Unveiled today in London, the scheme is based on the British government’s Start Up Loans initiative, with AIM the first music industry body to become an official partner.

AIM’s scheme is open to British music companies that have been trading for less than a year, with interest fixed at 6% on the loans. Multiple founders from the same company can apply, and AIM will provide pre-application support as well as post-loan training, networking and mentorship.

The interesting thing about AIM Start Up Loans, though, is that it’s not just for independent music labels. CEO Alison Wenham told Music Ally that it will ultimately open up to other creative industries, and that music technology startups may also qualify for the loans.

“One of AIM’s first public campaigning platforms was access to finance. We realised that small companies, and particularly small companies in the music industry, had difficulty accessing finance,” she said.

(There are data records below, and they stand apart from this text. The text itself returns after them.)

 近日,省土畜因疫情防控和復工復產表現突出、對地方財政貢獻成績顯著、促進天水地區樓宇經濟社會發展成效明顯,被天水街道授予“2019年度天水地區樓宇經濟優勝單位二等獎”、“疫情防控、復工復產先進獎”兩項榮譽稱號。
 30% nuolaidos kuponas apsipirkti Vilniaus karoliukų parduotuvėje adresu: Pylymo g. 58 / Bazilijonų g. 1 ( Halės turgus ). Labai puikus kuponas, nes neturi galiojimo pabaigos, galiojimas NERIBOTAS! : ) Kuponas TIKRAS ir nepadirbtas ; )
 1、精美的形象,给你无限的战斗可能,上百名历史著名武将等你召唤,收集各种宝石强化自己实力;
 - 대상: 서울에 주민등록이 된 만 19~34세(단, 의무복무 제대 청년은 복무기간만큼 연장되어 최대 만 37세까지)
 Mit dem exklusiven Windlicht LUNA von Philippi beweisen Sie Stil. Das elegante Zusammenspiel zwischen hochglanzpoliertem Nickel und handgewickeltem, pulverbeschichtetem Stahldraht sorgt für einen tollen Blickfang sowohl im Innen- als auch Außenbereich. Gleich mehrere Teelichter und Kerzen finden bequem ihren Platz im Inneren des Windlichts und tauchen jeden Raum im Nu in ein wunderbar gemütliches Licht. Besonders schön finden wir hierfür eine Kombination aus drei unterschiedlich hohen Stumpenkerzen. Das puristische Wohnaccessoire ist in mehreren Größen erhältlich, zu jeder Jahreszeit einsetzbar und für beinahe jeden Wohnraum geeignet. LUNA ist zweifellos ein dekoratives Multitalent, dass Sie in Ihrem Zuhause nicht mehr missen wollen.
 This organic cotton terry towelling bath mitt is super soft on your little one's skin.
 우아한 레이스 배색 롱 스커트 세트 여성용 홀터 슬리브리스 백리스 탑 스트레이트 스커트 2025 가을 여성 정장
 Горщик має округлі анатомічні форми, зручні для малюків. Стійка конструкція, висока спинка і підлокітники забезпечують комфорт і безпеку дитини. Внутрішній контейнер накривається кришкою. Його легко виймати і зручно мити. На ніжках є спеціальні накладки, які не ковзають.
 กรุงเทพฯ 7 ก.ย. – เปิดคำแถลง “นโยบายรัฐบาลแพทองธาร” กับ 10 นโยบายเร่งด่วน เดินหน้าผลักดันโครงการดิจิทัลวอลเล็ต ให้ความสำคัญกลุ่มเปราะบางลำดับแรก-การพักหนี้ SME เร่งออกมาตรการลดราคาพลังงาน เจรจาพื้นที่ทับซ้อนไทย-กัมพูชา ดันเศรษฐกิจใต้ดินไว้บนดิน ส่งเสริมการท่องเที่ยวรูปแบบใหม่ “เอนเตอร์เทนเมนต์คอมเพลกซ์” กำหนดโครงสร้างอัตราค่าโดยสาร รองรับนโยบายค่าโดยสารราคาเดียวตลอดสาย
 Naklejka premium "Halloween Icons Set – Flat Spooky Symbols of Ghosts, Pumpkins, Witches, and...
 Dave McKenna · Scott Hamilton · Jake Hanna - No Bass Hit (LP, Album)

“Music companies have very particular problems. Subjectivity pervades decision-making when it comes to music: issues like the nature of intellectual property in the balance sheet make it impossible for traditional bankers to evaluate these companies.”

Wenham criticised the last (Labour) government for its lack of action on this score, despite a “very solid” report quantifying the problem. “We worked with the Labour government for 10 years, and did nothing but reports for those 10 years,” she said.

“In the end, they called for another productivity survey! We thought we’d proved this beyond a reasonable doubt, but in the end I wilted on the vine, and sat back and looked more European-wide, lobbying with IMPALA to get European forms of funding.”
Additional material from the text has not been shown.